An essential aspect of MSF’s work in Boost has been to ensure that the hospital is a safe environment. This has been one of the greatest barriers for people who would otherwise seek medical care. Fatima, who is staying at Boost for a couple of days to get treatment for her baby, says armed men are now staying in some clinics near her town, and that she is afraid to go there.
“One of our top priorities here has been to work on the No Guns policy inside Boost hospital,” explains Lankow. “Every day, people tell me that they are suffering from the war raging in the province, and that they have been afraid to enter a hospital full of people walking around with guns. Every patient has the right to be treated and to recover in a safe place, and we are working hard to ensure that the no weapon policy is respected.” At the entry gate of the hospital, a sign reading “no guns allowed” stands next to guards who make sure that all patients and visitors leave their weapons behind.

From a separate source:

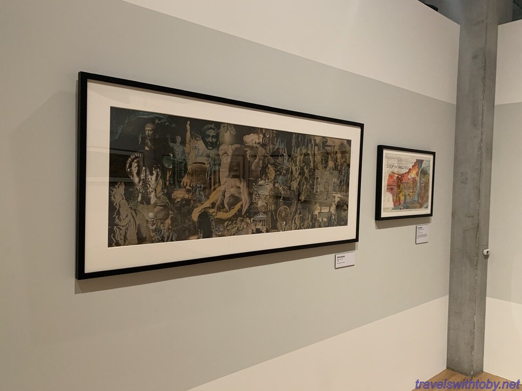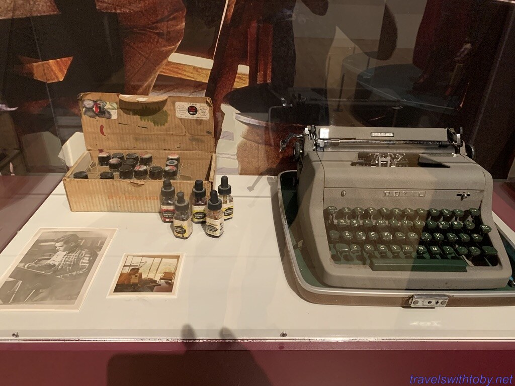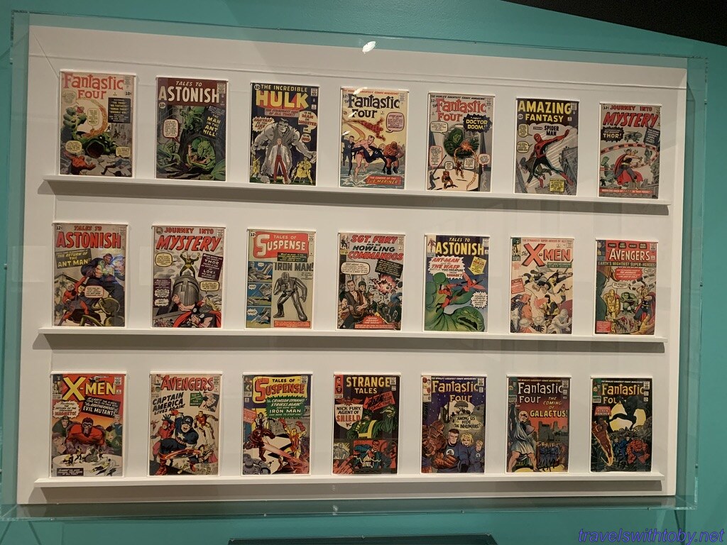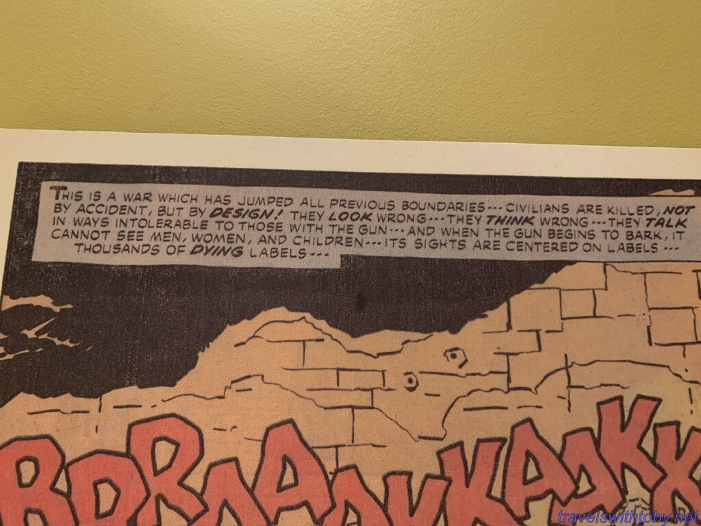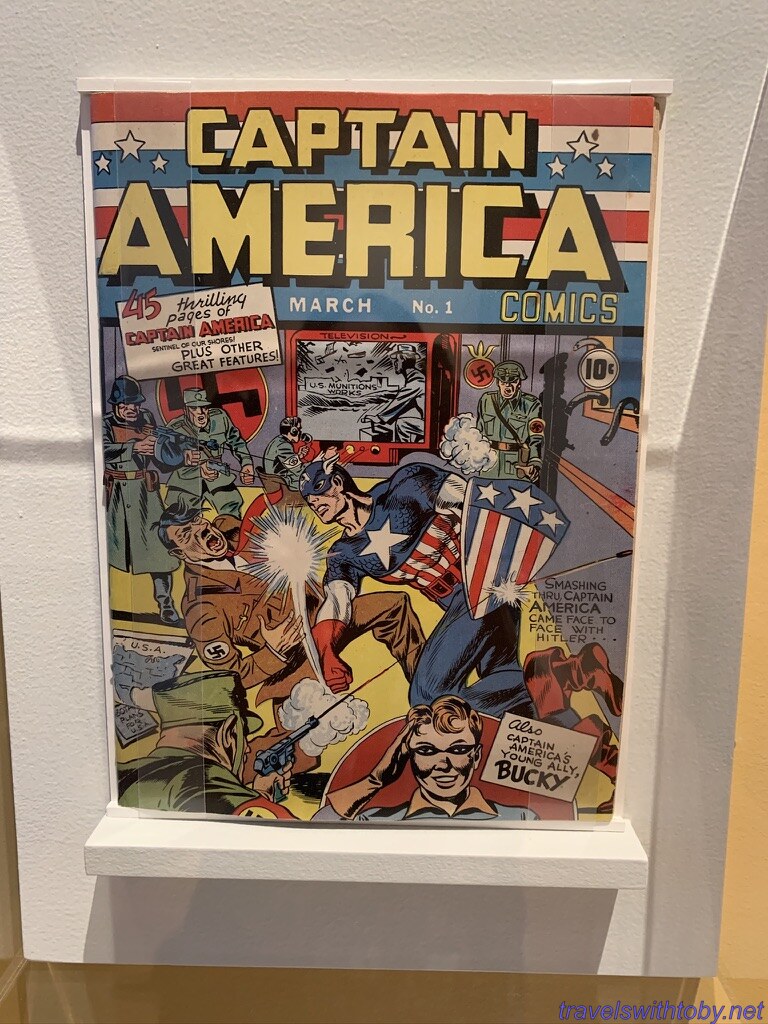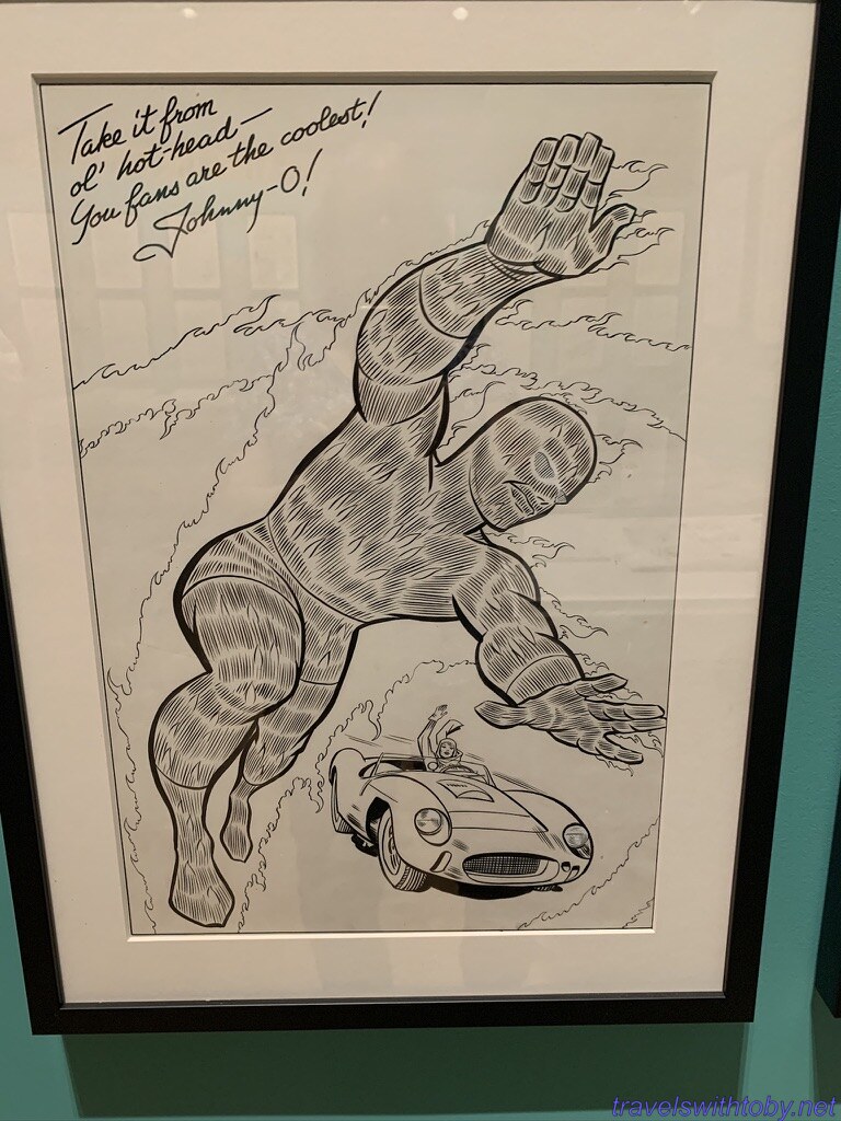 There was a section for World War II including Jack Kirby’s uniform next to a photo of him in the uniform. Some of his works were focused on the war. One comic had a character named Izzy Cohen which I took keen interest in. My father’s name was Izzy and was also in World War II. He was also a mechanic. If you read the blurb about him, you learn that Izzy was a mechanic so I was wondering if perhaps Kirby knew my father. But, after thinking about it, I doubt they knew each other because they were in different army units but both men landed on the beach at Normandy. I’d bet there were other Jewish servicemen named Izzy as it was a popular name at that time. Here is a gallery of the war-related pieces:

Today, Boost hospital no longer looks like a battlefield. No guns enter the health compound, and harassment of any kind is not tolerated. The inside of the hospital compound looks and sounds tranquil, despite the sounds of war that fill the air as helicopters maintain a constant presence in the skies. In the male ward, 45-year-old Nadeem* lies on his bed. He managed to leave Marjah in a Red Crescent taxi in the middle of the armed offensive. The car was transporting casualties in urgent need of surgery. He was not wounded in the conflict, but he does suffer from severe stomach problems and needed treatment. “There were no drugs or healthcare available in Marjah,” he explains. “The entire way I thought I was going to die—not because of my disease, but because of the shelling and the landmines. My wife and my children are in Marjah. As soon as I get better, I need to go back there. But it will not be easy to go back, since leaving to get treatment is so dangerous. I am very worried.”
“Insecurity has been a barrier for access to healthcare for a long time,” says Lankow. “The ongoing armed offensive in Marjah and Nad Ali will only make it more difficult, and we fear a lot of patients—war-wounded as well as all other patients who urgently need appropriate and affordable treatment—can’t access health structures like Boost hospital. Today, less than 50 percent of the beds of Lashkargah hospital are occupied, even though we know that the district hospitals in Helmand Province are barely functioning, if at all.”
While all attention during the last three weeks has been focused on Marjah and Nad Ali area, the ongoing conflict has been felt across Helmand, preventing people accessing adequate health care. MSF requests that all parties involved in the conflict allow all people in need of medical care access to functional medical facilities.
MSF chooses to rely solely on private donations for its work in Afghanistan, and does not accept funding from any government. In addition to its support to Boost hospital in Lashkargah, MSF currently supports Ahmed Shah Baba hospital in eastern Kabul. In both locations, our aim is to provide life-saving and free medical care using effective drugs, working in all areas including maternity, pediatrics, surgery and emergency rooms.
MSF plans to extend its support to hospitals and rural health centers in other provinces in Afghanistan in 2010.
* Names have been changed to protect the anonymity of the patients.